De acordo com pt.wedoany.com-O governo português anunciou um subsídio de 1.260 euros por cada autocarro licenciado para operadores privados de transporte público de passageiros, a fim de fazer face às pressões operacionais decorrentes do recente aumento dos preços dos combustíveis. A medida foi publicada esta segunda-feira no Diário da República.

Especificamente, este subsídio é um apoio adicional temporário, destinado a veículos pesados das categorias M2 e M3 autorizados a prestar serviços de transporte público de passageiros, no valor de 420 euros por mês, durante três meses, pago de uma só vez. Os veículos candidatos devem possuir um certificado de inspeção periódica obrigatória válido e estar em situação regular no registo do Instituto da Mobilidade e dos Transportes (IMT). O montante total máximo deste subsídio é de 15 milhões de euros, suportado pelo Fundo Ambiental, cabendo ao IMT a verificação da elegibilidade e o pagamento.
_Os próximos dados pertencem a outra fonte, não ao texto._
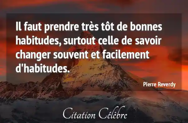 Il faut prendre très tôt de bonnes habitudes, surtout celle de savoir changer souvent et facilement d'habitudes.

O decreto foi assinado pelo Ministro de Estado e das Finanças, Joaquim Miranda Sarmento, pela Ministra do Ambiente e da Energia, Maria da Graça Carvalho, e pela Secretária de Estado da Mobilidade, Cristina Maria dos Santos Pinto Dias. O documento refere que esta medida visa responder a uma "situação de rutura de mercado", citando a cláusula: "Consideramos que ocorreu uma rutura de mercado, dado o aumento acentuado dos preços dos combustíveis desde finais de fevereiro, devido ao conflito armado no Médio Oriente." Nos últimos meses, o agravamento das tensões geopolíticas no Médio Oriente, o encerramento do Estreito de Ormuz e a volatilidade dos mercados internacionais pressionaram os preços do petróleo, levando a um aumento significativo dos preços dos combustíveis.
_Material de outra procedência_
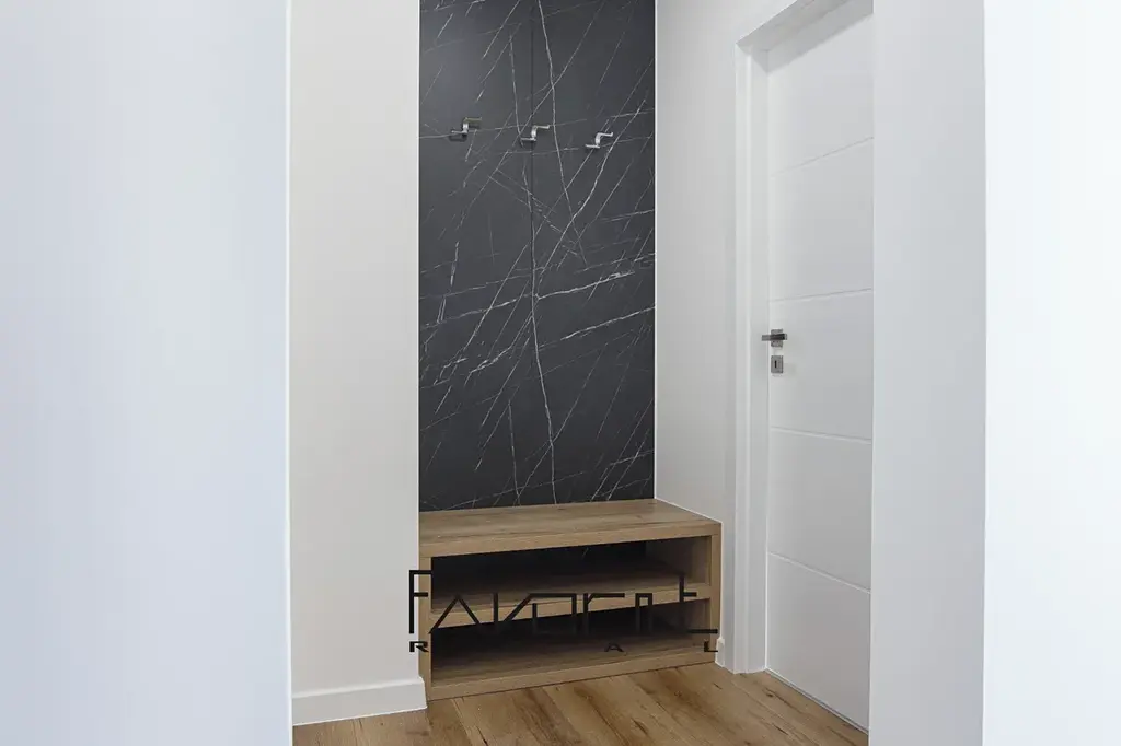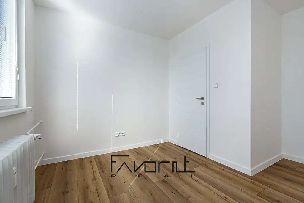 Nivelace podlah před položením plovoucí podlahy (srovnání). Na podlahách jsou zátěžové plovoucí podlahy. Nové interiérové a vstupní dveře včetně obložek, vypínače a zásuvky. Nové kvalitní omítky. Celý byt je laděný do jednoho barevného tónu.

O documento salienta que os operadores de transporte público de passageiros, especialmente os que operam ao abrigo de contratos de serviço público, estão sujeitos a obrigações contratuais rigorosas, devendo manter a oferta, a frequência e o nível de serviço estabelecidos, independentemente das variações cíclicas dos custos operacionais. Estes contratos de natureza fixa não permitem a transferência do aumento de custos para os preços dos bilhetes, nem a redução unilateral dos serviços. Os operadores interessados devem apresentar a candidatura ao IMT. Este subsídio é um financiamento adicional ao já atribuído este ano ao Programa Incentiva+TP. Caso o montante total das candidaturas elegíveis exceda o limite de 15 milhões de euros, o IMT ajustará proporcionalmente o montante atribuído a cada beneficiário dentro do limite orçamental.